Print out the data exactly, keeping every image out of it.

GIVEN DATA
————————

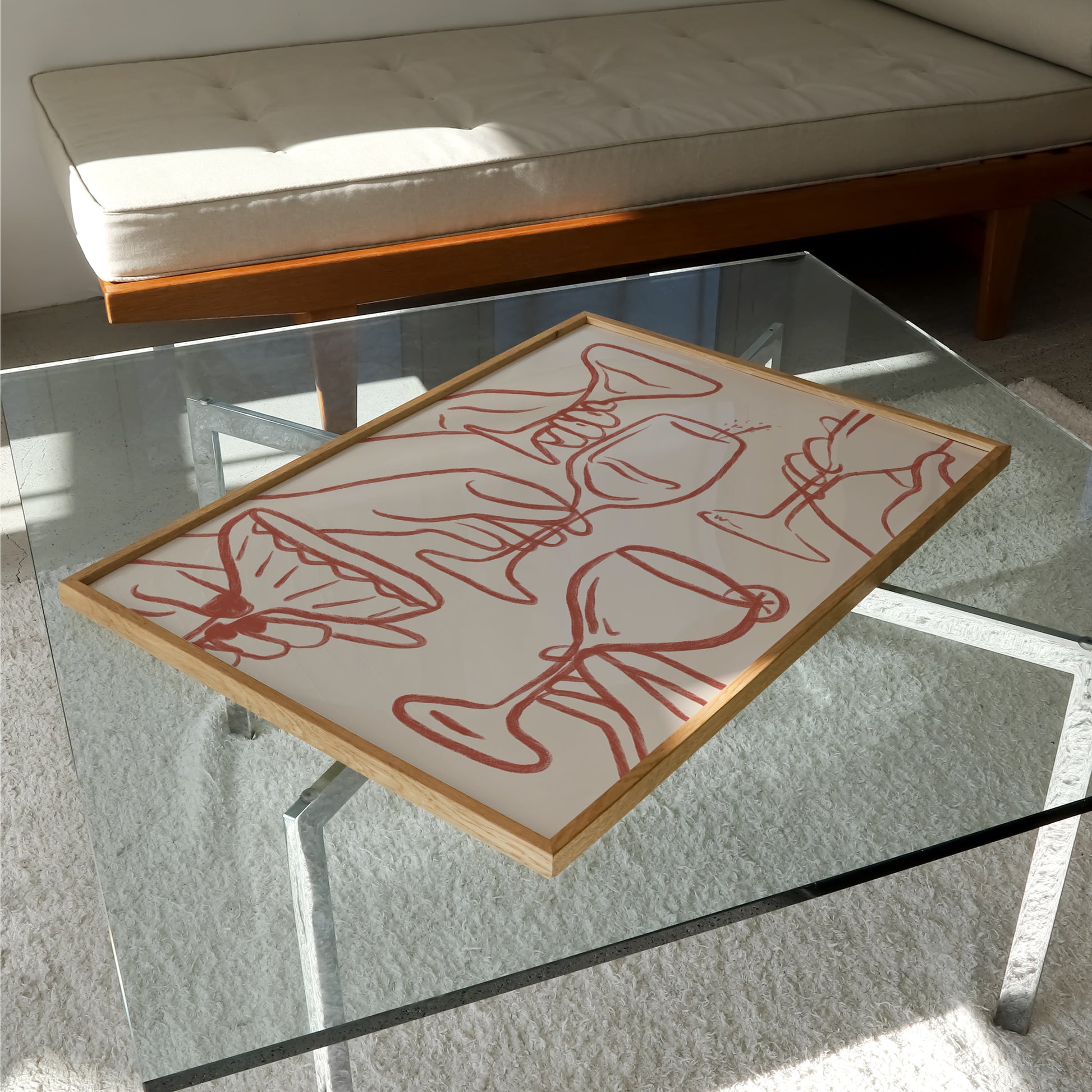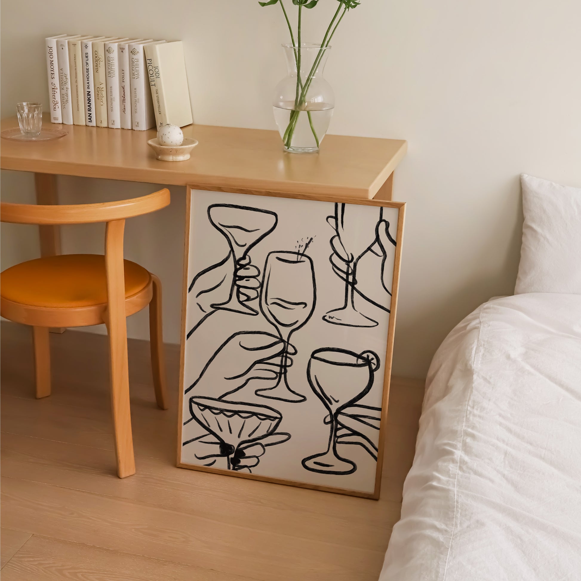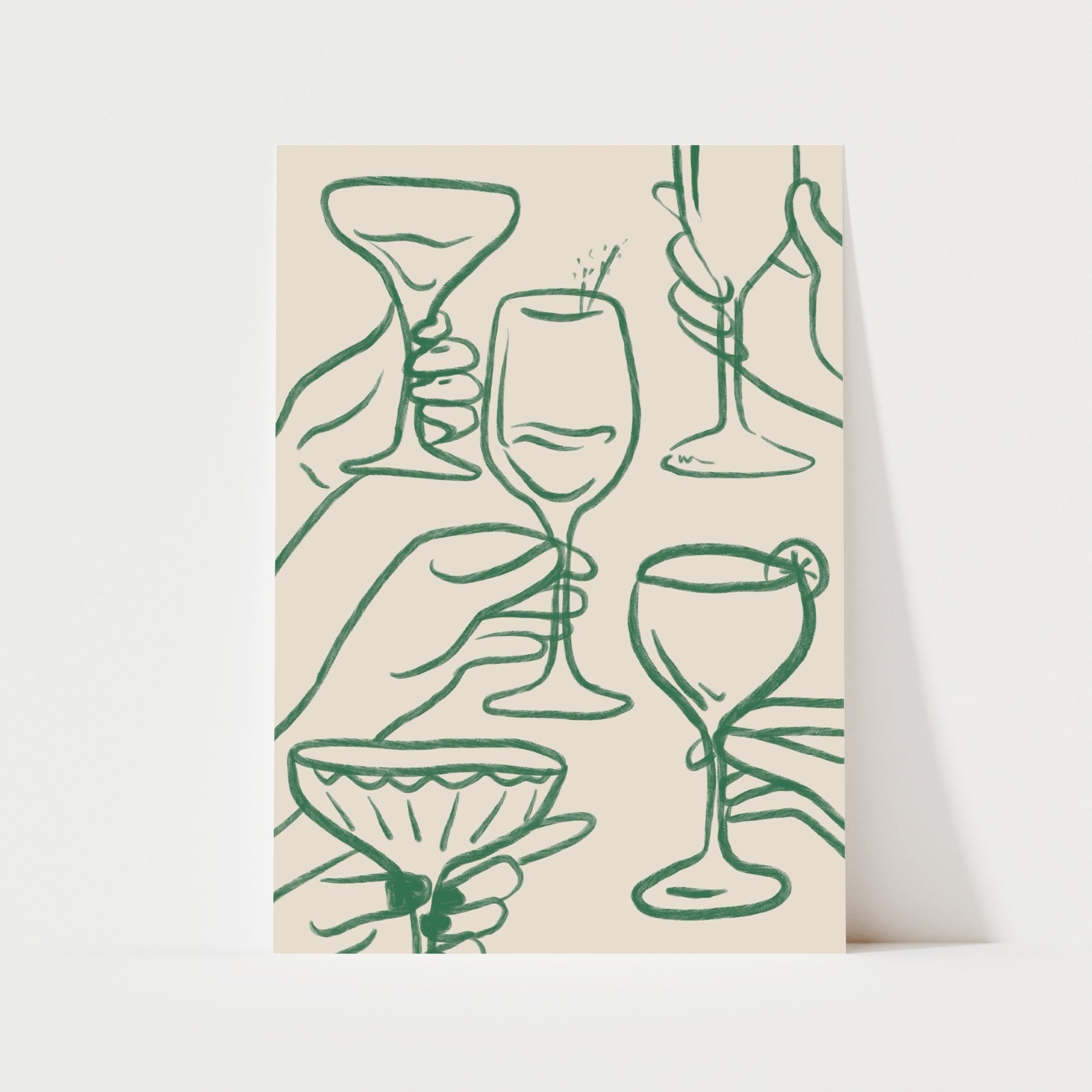 A funky kitchen print for the wine lovers. Five hand-drawn illustrations of hands holding a glass of wine or cocktail in black, green, red, or brown, or multi-colours on an off-white background.
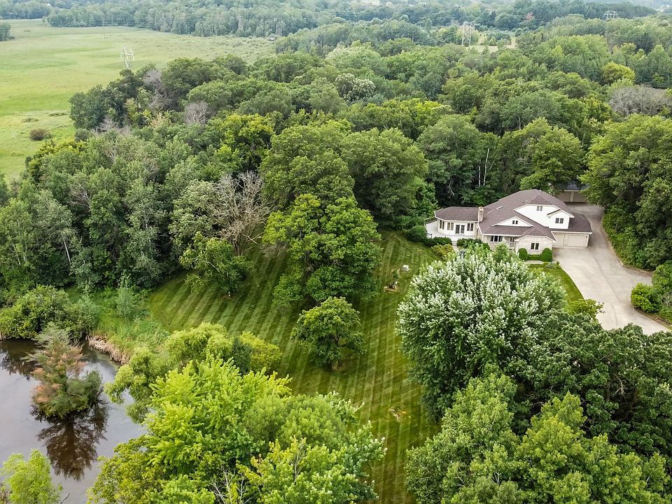 Welcome to your private retreat on almost 13 scenic acres featuring a serene pond, abundant wildlife, and extensive space for a growing family, hobbies, storage, or business needs. This well-maintained two-story home offers a warm, inviting interior with custom oak built-ins throughout and a main-level wet bar, perfect for entertaining. A hidden built-in safe provides secure storage for firearms or valuables. The unfinished basement adds over 1,100 sq ft of potential living space, ready for your custom touch—ideal for a rec room, gym, or guest suite.
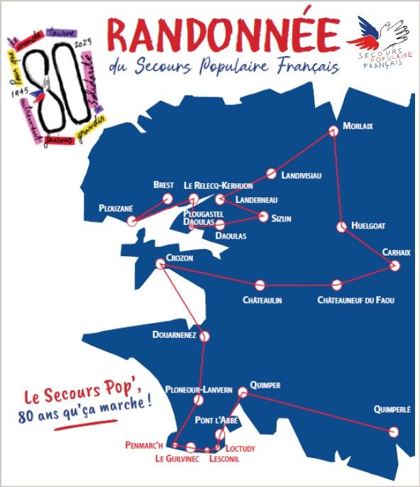Un itinéraire symbolique : chacune des 29 étapes relie une antenne ou un comité du Secours populaire du Finistère. Les marcheurs arriveront à l’issue du parcours lors du congrès départemental, à Brest.

————————

ANSWER TO THIS EXERCISE
 A funky kitchen print for the wine lovers. Five hand-drawn illustrations of hands holding a glass of wine or cocktail in black, green, red, or brown, or multi-colours on an off-white background.
 Welcome to your private retreat on almost 13 scenic acres featuring a serene pond, abundant wildlife, and extensive space for a growing family, hobbies, storage, or business needs. This well-maintained two-story home offers a warm, inviting interior with custom oak built-ins throughout and a main-level wet bar, perfect for entertaining. A hidden built-in safe provides secure storage for firearms or valuables. The unfinished basement adds over 1,100 sq ft of potential living space, ready for your custom touch—ideal for a rec room, gym, or guest suite.
Un itinéraire symbolique : chacune des 29 étapes relie une antenne ou un comité du Secours populaire du Finistère. Les marcheurs arriveront à l’issue du parcours lors du congrès départemental, à Brest.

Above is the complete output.